Originally, I was going to title this post “While You’re Waiting,” but I realize now that would have been incorrect. I was going to talk about trusting God while you wait on finding a job or spouse or life direction, but none of those things involve waiting.
I remember hearing once: “It doesn’t matter where you go, it matters who you are becoming.”
Each choice we make shapes who we are becoming. Waiting is passive; waiting is assuming jobs or spouses fall into your lap. That’s not how it works. Now obviously there are times it feels like everything falls into place, but I think you find yourself in certain situations because of choices you have made. I know you’ve heard the comparison between between your daily choices and running a marathon. You don’t wake up one day without training and run a marathon. It is a process. It is the running and working out when you don’t feel like it–especially when you don’t feel like it. I’m not saying anything new, but still, it is something I tend to forget.
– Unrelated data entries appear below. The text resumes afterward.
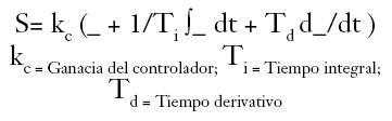 En este artículo se considera que el módulo o el algoritmo de control (el Controlador) responden a la función PID (Proporcional, Integral, Derivativo).
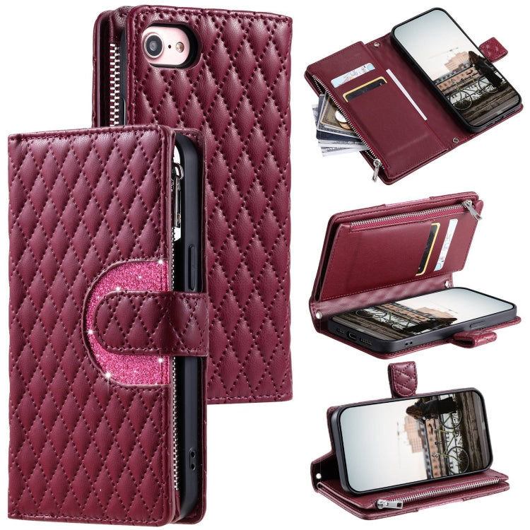 Estuche de Cuero para iPhone 7/8/SE 2022 con Billetera, Cremallera y Purpurina (Rojo Vino)
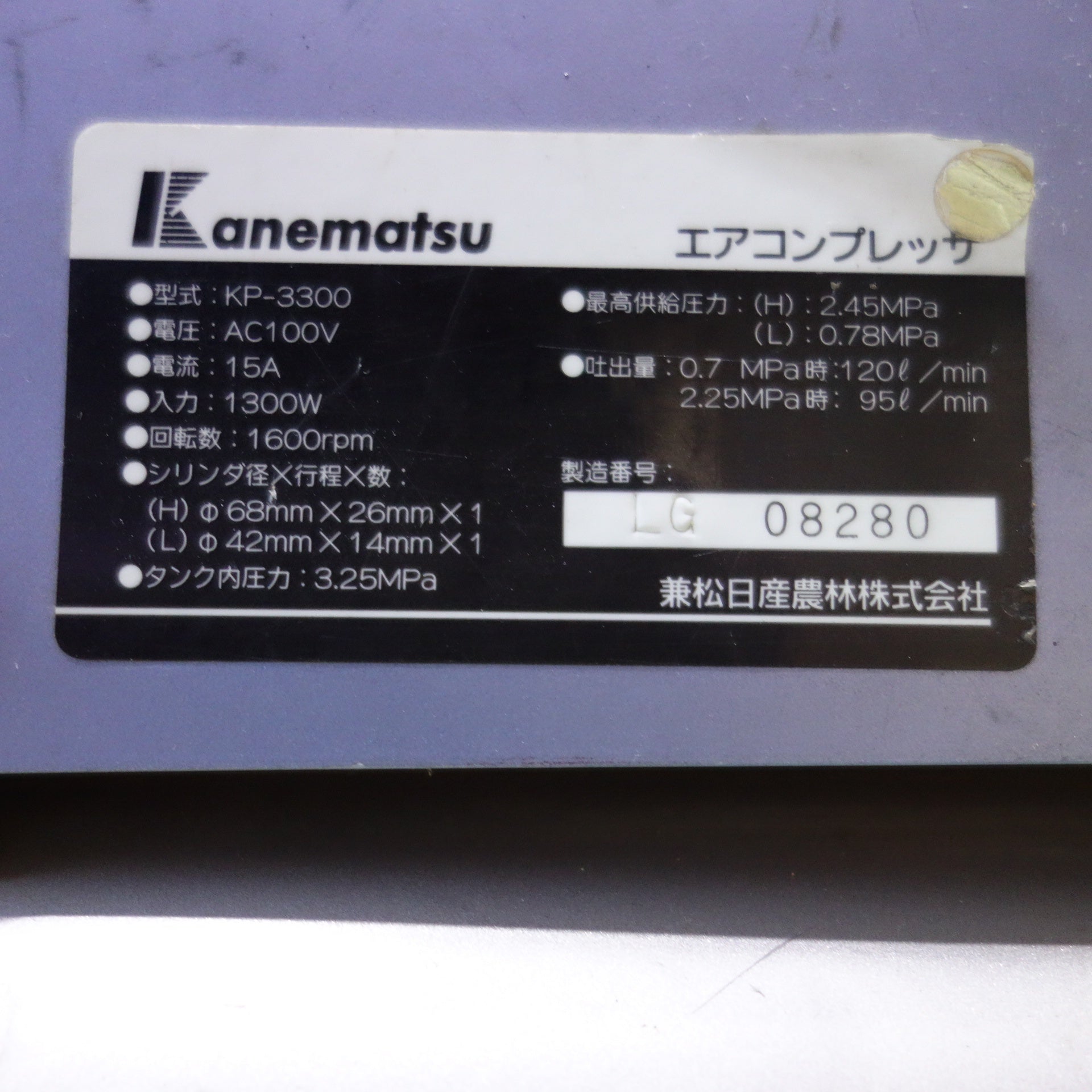 [送料無料] ◆カネマツ 高圧 エア コンプレッサー 大魔神 DAIMAJIN 100V KP-3300 KANEMATSU◆ |

During one of the fall retreats where I was a sponsor, we had morning small group time where we had to answer the question: “Where do you see yourself in ten years?” We had to reflect on what we were doing right now that will impact who we are in ten years.
Anne Lamott writes:
“You have to make mistakes to find out who you aren’t. You take the action, and the insight follows: You don’t think your way into becoming yourself.”
I want to make choices that make me into the person that trusts God and doesn’t worry about little things I can’t change. I also want to recognize there are things I can change. I can change my attitude–I can choose happiness over feeling depressed. I can choose a salad over french fries. I can choose to run when I want to watch Netflix. I can choose trust over fear.
Meg Jay, author of The Defining Decade: Why Your Twenties Matter–And How to Make the Most of Them Now, writes:
“Forget about having an identity crisis and get some identity capital.”
“Do something that adds value to who you are. Do something that’s an investment in who you might want to be next.”